Apple has not yet explained why the owners of an XDR Pro Display with nanotexture should use a special cloth for another screen cleaner (we asked for it), but it is probably because of how the display is made. “Nano-texture” glass is Apple’s term for its non-reflective matte texture option. According to Apple, the nanoscale nanostructure is etched onto the glass to maintain the contrast on the display despite the matte finish. For some reason, the nanotess is so delicate that it should only be cleaned with a special cloth.

If you lose this polishing cloth, you can’t go directly to Amazon or go to an Apple store and buy a new one – you’ll need to contact the Apple Support Department for a replacement. We asked Apple how much an exchange could cost.

And if you’re worried, Apple has also given specific instructions on how to clean the polishing cloth: hand wash it with dishwashing liquid and water, rinse it and leave it to “air dry” for at least 24 hours. I am sincerely surprised that any detergent will work for the cloth.

The special apple cleaning cloth can be annoying, but at least an apple cleaning cloth is included. You’ll need other essential accessories like a stand (Apple costs $ 999, or you can choose the VESA adapter for $ 199) or a webcam (like the Logitech 4K magnetic webcam for $ 199.99 specially designed for the monitor) pays 4,999 extra dollars included in the basic display.

Continue Reading

Tech

Google is under federal investigation for labor practices

Published

on

Google is currently under investigation by the US National Labor Relations Board, CNBC reported Monday.
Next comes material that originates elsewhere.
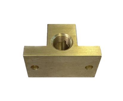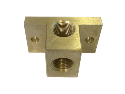Brass Elbow Block with 2 x 3/8" BSP ports.

The investigation follows the recent layoffs of four former Google employees named Laurence Berland, Paul Duke, Rebecca Rivers and Sophie Waldman. The four former employees were involved in internal activism during their stay at Google and encouraged their colleagues to protest issues such as the company’s plan to create a censored version of its search engine in China, or submit bids for contracts with the Ministry of Defense. If it is determined that Google has fired these employees because of their activism, this could be a violation of federal labor law.

The four employees filed an indictment with the NLRB on December 5 for unfair labor practices. Google has already been investigated by the NLRB, including a recent survey that ended just two months ago. In this September comparison with the agency, Google promised that, among other things, it would give its employees the opportunity to form unions and talk to the press. The December announcement blames Google for violating the terms of this settlement.
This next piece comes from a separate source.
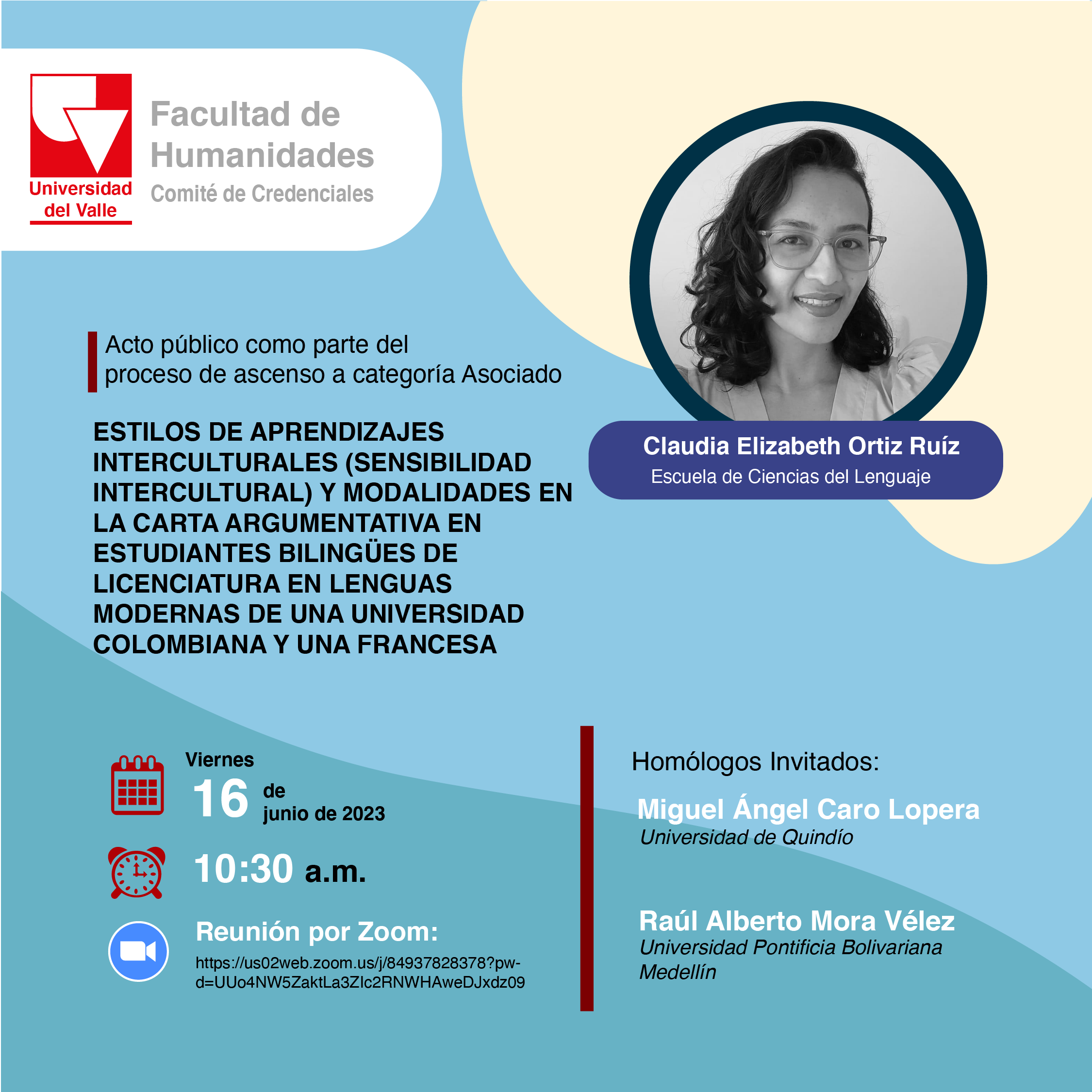 El Comité de Credenciales de la Facultad de Humanidades de la Universidad del Valle invita al acto público como parte del proceso de ascenso a Categoría Asociado de la profesora Claudia Elizabeth Ortiz Ruiz de la Escuela de Ciencias del Lenguaje. El tema a disertar es "Estilos de aprendizaje interculturales (sensibilidad intercultural) y modalidades en la carta argumentativa en estudiantes bilingües de licenciatura en lenguas modernas de una universidad colombiana y una francesa". Los homólogos invitados son el profesor Miguel Ángel Caro Lopera de la Universidad del Quindío y el profesor Raúl Alberto Mora Vélez de la Universidad Pontificia Bolivariana.

According to CNBC, the NLRB’s investigation will focus on whether Google has violated labor laws by firing these activists and whether it has prevented its employees from forming a union. When employees file an indictment with the NLRB, the Agency must initiate an investigation to determine whether to take formal action and file its own complaint. Oakland agency staff will lead the investigation, which is expected to last 90 days.

At The Verge’s request to comment, Google responded with the same statement it has used since the layoffs:

We fired four people who deliberately and repeatedly violated our long-standing privacy policy, including the systematic access and distribution of documents and the work of other employees. No one was fired for expressing concerns or discussing the company’s activities.